Exercise description ▸ Only the lines below from the one that holds "Ergonomically Designed –" through the one that holds "(أَفَأَمِنَ الَّذِينَ مَكَرُوا" should appear in the answer, copied exactly, end lines included and pictures omitted.

Material for this exercise ▸
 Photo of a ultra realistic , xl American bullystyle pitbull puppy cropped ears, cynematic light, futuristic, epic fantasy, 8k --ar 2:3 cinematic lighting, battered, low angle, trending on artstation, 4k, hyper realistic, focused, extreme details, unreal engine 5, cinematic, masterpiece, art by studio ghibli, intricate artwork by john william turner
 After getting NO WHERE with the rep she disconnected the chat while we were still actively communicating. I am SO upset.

==

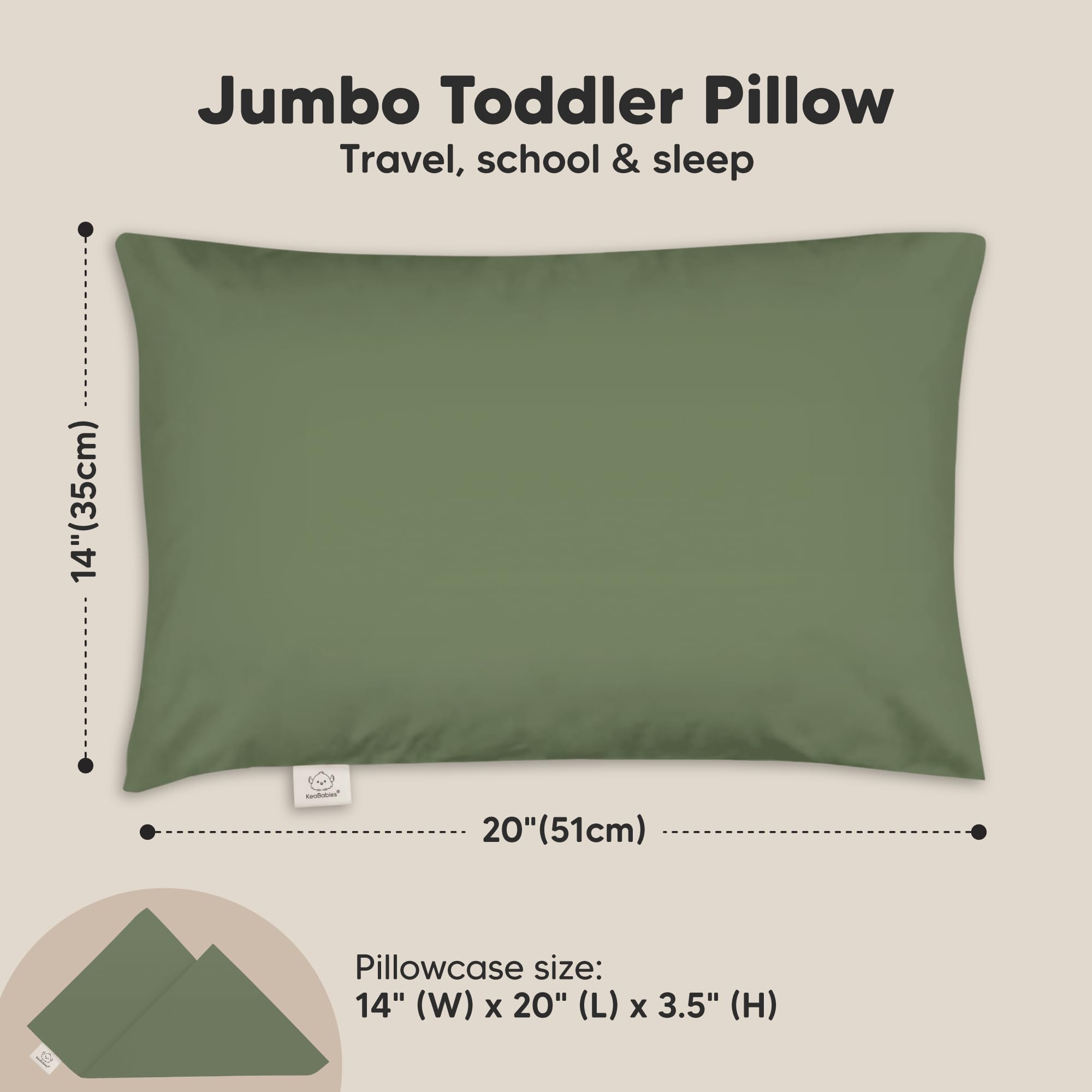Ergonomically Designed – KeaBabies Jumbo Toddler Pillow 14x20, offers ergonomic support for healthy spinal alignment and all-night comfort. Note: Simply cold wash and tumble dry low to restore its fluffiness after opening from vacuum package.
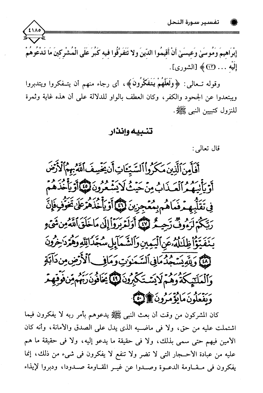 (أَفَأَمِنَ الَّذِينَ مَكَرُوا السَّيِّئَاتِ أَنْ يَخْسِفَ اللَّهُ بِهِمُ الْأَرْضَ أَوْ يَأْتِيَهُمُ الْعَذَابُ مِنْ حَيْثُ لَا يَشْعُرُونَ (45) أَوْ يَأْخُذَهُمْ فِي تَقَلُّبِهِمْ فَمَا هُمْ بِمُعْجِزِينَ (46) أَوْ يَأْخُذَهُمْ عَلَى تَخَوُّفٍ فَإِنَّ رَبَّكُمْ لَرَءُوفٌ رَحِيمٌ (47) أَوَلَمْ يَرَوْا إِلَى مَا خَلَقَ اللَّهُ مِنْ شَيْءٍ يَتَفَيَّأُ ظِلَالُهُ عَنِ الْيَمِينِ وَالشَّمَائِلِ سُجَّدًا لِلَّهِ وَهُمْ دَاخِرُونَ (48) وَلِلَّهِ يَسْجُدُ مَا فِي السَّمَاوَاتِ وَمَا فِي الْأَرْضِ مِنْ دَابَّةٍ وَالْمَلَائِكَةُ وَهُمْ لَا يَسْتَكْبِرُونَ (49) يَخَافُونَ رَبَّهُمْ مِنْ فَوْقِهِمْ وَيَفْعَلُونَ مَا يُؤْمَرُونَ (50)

Answer section ▸
Ergonomically Designed – KeaBabies Jumbo Toddler Pillow 14x20, offers ergonomic support for healthy spinal alignment and all-night comfort. Note: Simply cold wash and tumble dry low to restore its fluffiness after opening from vacuum package.
 (أَفَأَمِنَ الَّذِينَ مَكَرُوا السَّيِّئَاتِ أَنْ يَخْسِفَ اللَّهُ بِهِمُ الْأَرْضَ أَوْ يَأْتِيَهُمُ الْعَذَابُ مِنْ حَيْثُ لَا يَشْعُرُونَ (45) أَوْ يَأْخُذَهُمْ فِي تَقَلُّبِهِمْ فَمَا هُمْ بِمُعْجِزِينَ (46) أَوْ يَأْخُذَهُمْ عَلَى تَخَوُّفٍ فَإِنَّ رَبَّكُمْ لَرَءُوفٌ رَحِيمٌ (47) أَوَلَمْ يَرَوْا إِلَى مَا خَلَقَ اللَّهُ مِنْ شَيْءٍ يَتَفَيَّأُ ظِلَالُهُ عَنِ الْيَمِينِ وَالشَّمَائِلِ سُجَّدًا لِلَّهِ وَهُمْ دَاخِرُونَ (48) وَلِلَّهِ يَسْجُدُ مَا فِي السَّمَاوَاتِ وَمَا فِي الْأَرْضِ مِنْ دَابَّةٍ وَالْمَلَائِكَةُ وَهُمْ لَا يَسْتَكْبِرُونَ (49) يَخَافُونَ رَبَّهُمْ مِنْ فَوْقِهِمْ وَيَفْعَلُونَ مَا يُؤْمَرُونَ (50)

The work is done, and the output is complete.